Though the officially family planning programme in India was launched in 1952, the birth control movement in the country is older than that. The first two birth control clinics anywhere in the world were established in Karnataka (Mysore) as far back in 1930. In those days, birth control was not talk about freely in the west as well as in India. Some people did practise it but they belong to the elite class. Some traditional method of contraception was used in India but there was no such thing as a government sponsored organised family planning programme. There was however a good deal of consciousness among the enlightened people of the country. The establishment of clinics in Karnataka is indicative of this. In December 1953, the Planning Commission recommended that a programme of family limitation and population control should (a) Obtain an accurate picture of factors which contribute to rapid increase of population. (b) Gain a fuller understanding of human fertility and the means of regulating it, (c) device speedier ways of educating the public and (d) make family planning advice and service an integral part of the services in hospitals and health centres.
Goals of the Programme:
Family welfare programme has laid down the following long term goals to be achieved by the year 2000 AD: 1. Reduction of birth rate from 29 per 1000 (in 1992) to 21 by 2000 AD 2. Reduction of death rate from 10 (in 1992) to 9 per 1000.
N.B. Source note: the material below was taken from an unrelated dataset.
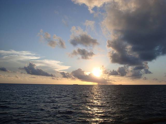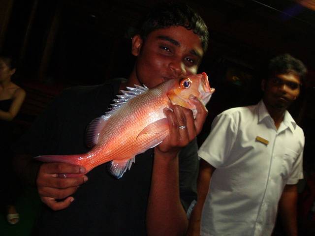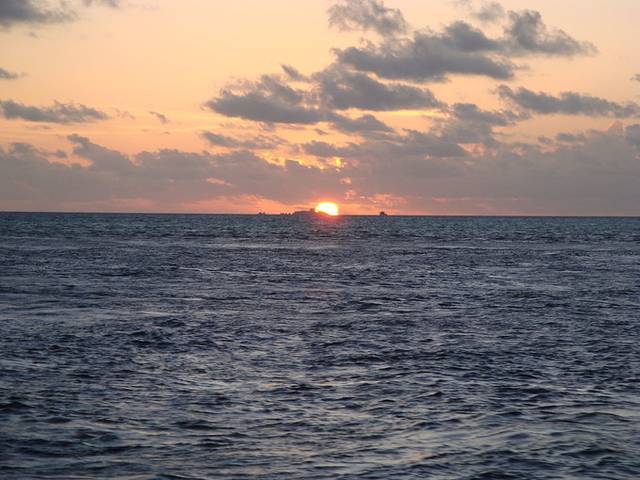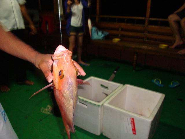 日落钓鱼是采用非常简单的工具,用塑料圆盘卷鱼线,拴上鱼钩和铅坠,用鱼肉挂在钩上钓肉食鱼。我们咨询了服务生,他们说需要把鱼钩一直放到海底,然后把线收紧。一手拿着线盘,一手拖着绷紧的线,当鱼儿咬钩时手会感觉到,猛地提钩就可以有所斩获。开始大家似乎都感觉到鱼儿咬钩,我自己也感觉被鱼咬了几次,但是提起来又没感觉了。慢慢地大家都开始有所收获,我几次强烈地感觉到鱼咬钩,但是提起来要么空空的,要么就挂到水底珊瑚上,鱼饵却不知所终了,估计被狡猾的鱼给吃掉了。终于当我再次感觉到鱼咬钩的时候,我沉住气地耐性等待,等感觉它这次咬的非常凶狠的时候才猛地提起,收线时沉甸甸的感觉让我非常地兴奋,心里知道这次有门。在快到水面的时候,感觉非常重,几乎拉不动,甚至怀疑是不是又挂到什么东西了,最终似乎它终于无力抵抗了,俺兴奋地把它拖到船上,它是当天钓到第二大的鱼,第二天成为我们晚餐上的亮丽风景了。最大的鱼也是咱们中国人钓的,最后只有几个老外没钓到!此前在水库池塘钓过几年鱼,这次是首次在海里钓鱼,那种开心和高兴无以形容。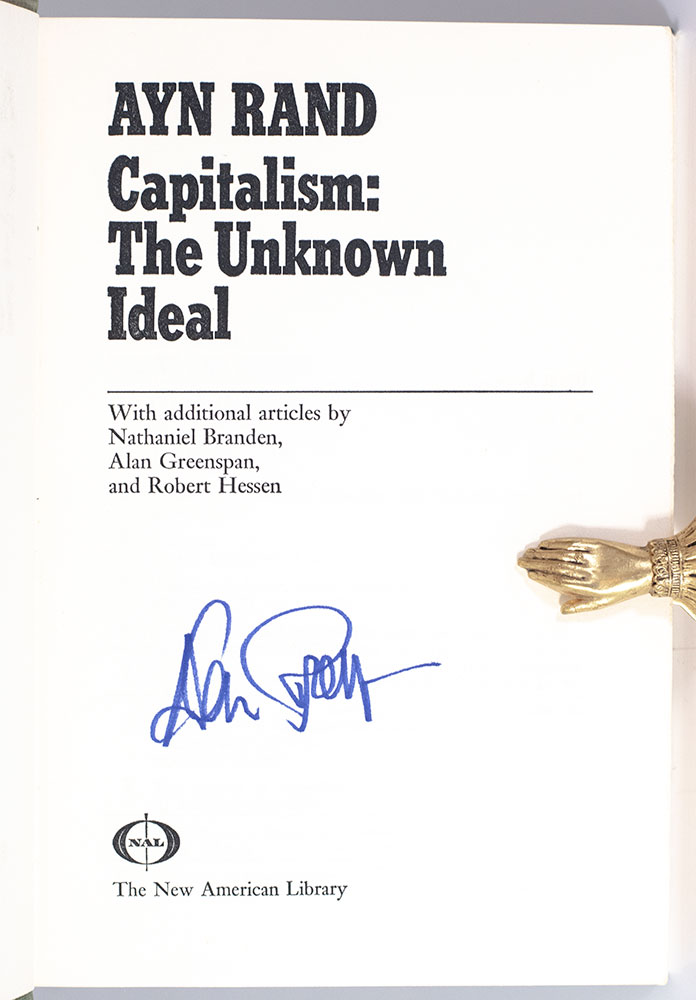 “FREEDOM IS THE FUNDAMENTAL REQUIREMENT OF MAN’S MIND”: FIRST EDITION OF AYN RAND'S CAPITALISM: THE UNKNOWN IDEAL; SIGNED BY FEDERAL RESERVE CHAIRMAN ALAN GREENSPAN

3. Raising couple protection rate from 43.3 (in 1990) to 60 per cent. 4. Reduction in average family size from 4.2 (in 1990) to 2.3. 5. Decrease in Infant mortality rate from 79 (in 1992) to less than 60 per 1000 live births. o. Reduction of Net Reproduction Rate from 1.48 (in 1981) to 1.
Eligible couples, target couples and couple protection rate: Family Welfare Programme can be successful only when it reaches those who are eligible and also those who are the targets. Eligible couples: An eligible couple is a currently married couple, the wife being in the reproductive age group i.e. 15 to 45 year. It is estimated that there are 150 to 180 eligible couples per 1000 population in India. Presently, there are about 144 million eligible couples in India. These couples are in need of family planning services. Eligible couples are approached by Health Workers by house to house visit in PHC area. Motivation is also done at dispensaries, clinics and hospitals. They are given contraceptives free of cost. Also sterilizations are done free of cost Target couples: They are couples who have had 2 to 3 living children. Family planning was largely directed to such couples. The definition of target couple has been gradually enlarged to include families with one child or even newly married couple. The aim is to develop acceptance of the idea of family planning from the earliest possible stage.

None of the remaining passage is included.